Generative Bayesian Computation for Maximum Expected Utility

TL;DR

This paper introduces a likelihood-free generative Bayesian method using quantiles and neural estimators to efficiently compute maximum expected utility, demonstrated on portfolio optimization.

Contribution

It presents a novel density-free generative approach with neural quantile estimators for maximum expected utility calculation, applicable to Bayesian decision problems.

Findings

Efficient computation of expected utility via quantile-based generative methods.

Successful application to optimal portfolio allocation with Bayesian learning.

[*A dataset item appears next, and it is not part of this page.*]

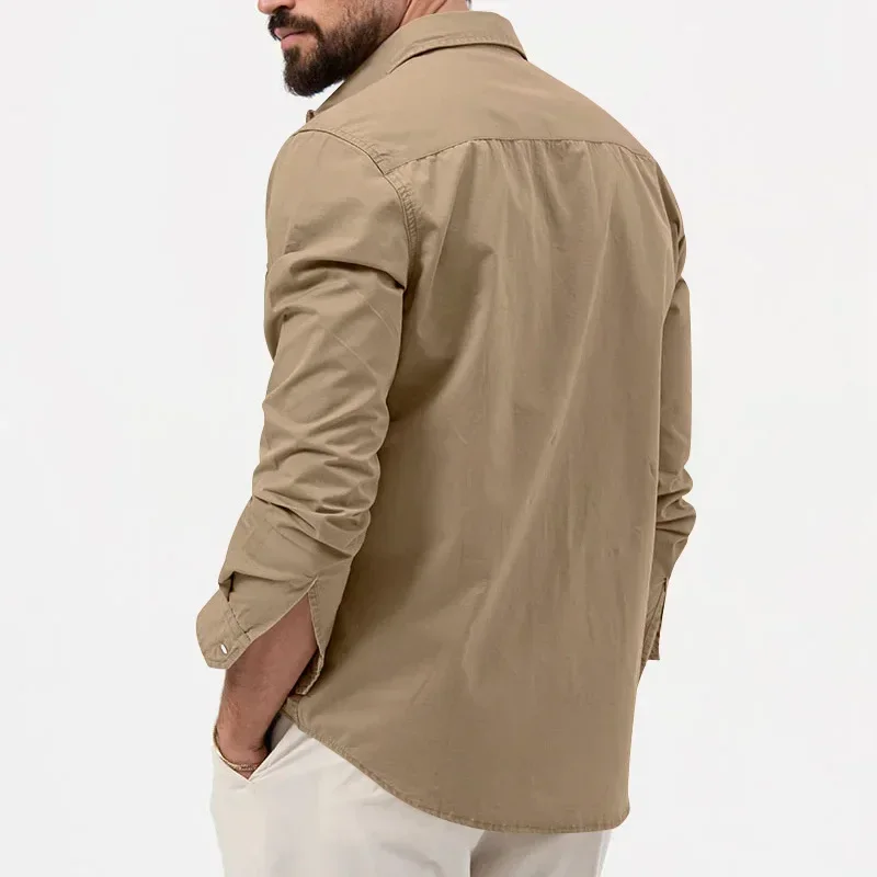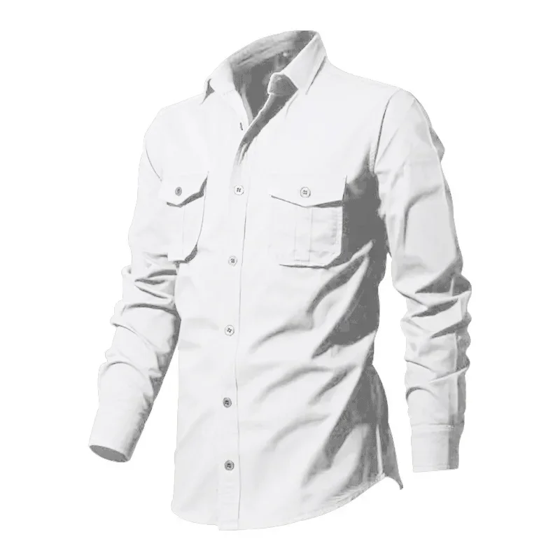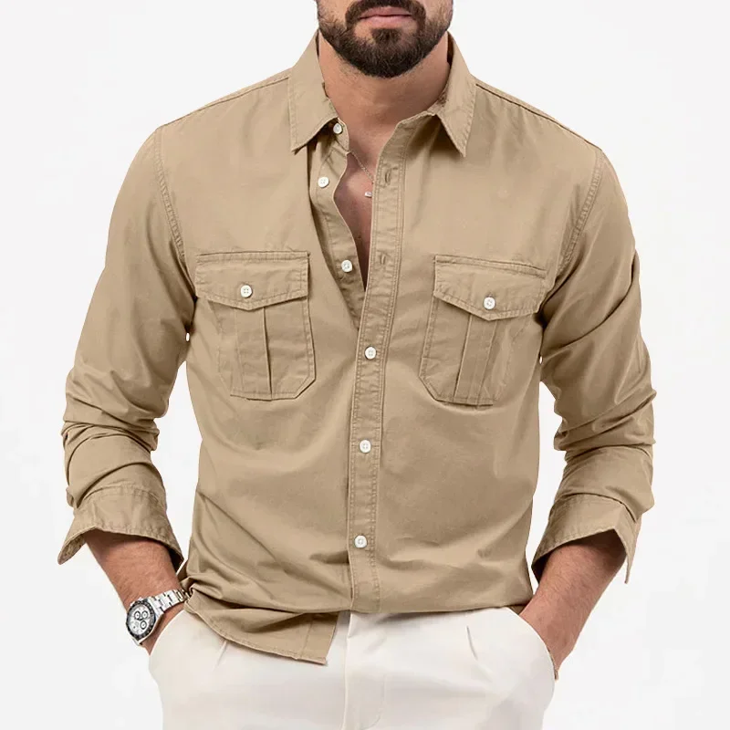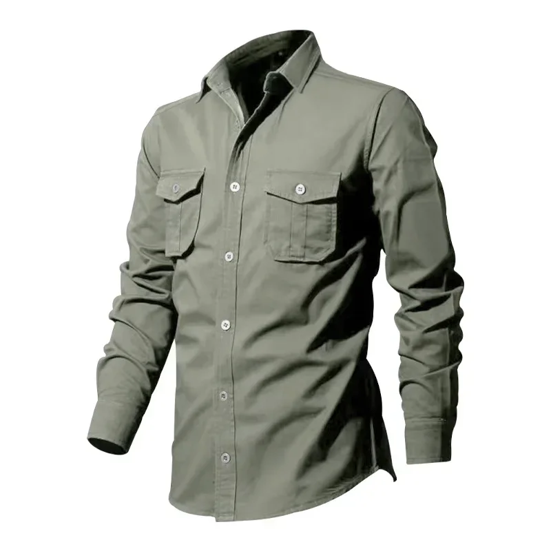 Army Green Tactical Cargo Shirts For Men Chest Two Pockets Long Sleeve Mens T-Shirt 2024 Trend Casual Loose Shirt Chemise Hombre

Discussion of links between utility theory and risk-taking behavior.

Abstract

Generative Bayesian Computation (GBC) methods are developed to provide an efficient computational solution for maximum expected utility (MEU). We propose a density-free generative method based on quantiles that naturally calculates expected utility as a marginal of quantiles. Our approach uses a deep quantile neural estimator to directly estimate distributional utilities. Generative methods assume only the ability to simulate from the model and parameters and as such are likelihood-free. A large training dataset is generated from parameters and output together with a base distribution. Our method a number of computational advantages primarily being density-free with an efficient estimator of expected utility. A link with the dual theory of expected utility and risk taking is also discussed. To illustrate our methodology, we solve an optimal portfolio allocation problem with Bayesian learning and a power utility (a.k.a. fractional Kelly criterion). Finally, we conclude with directions for future research.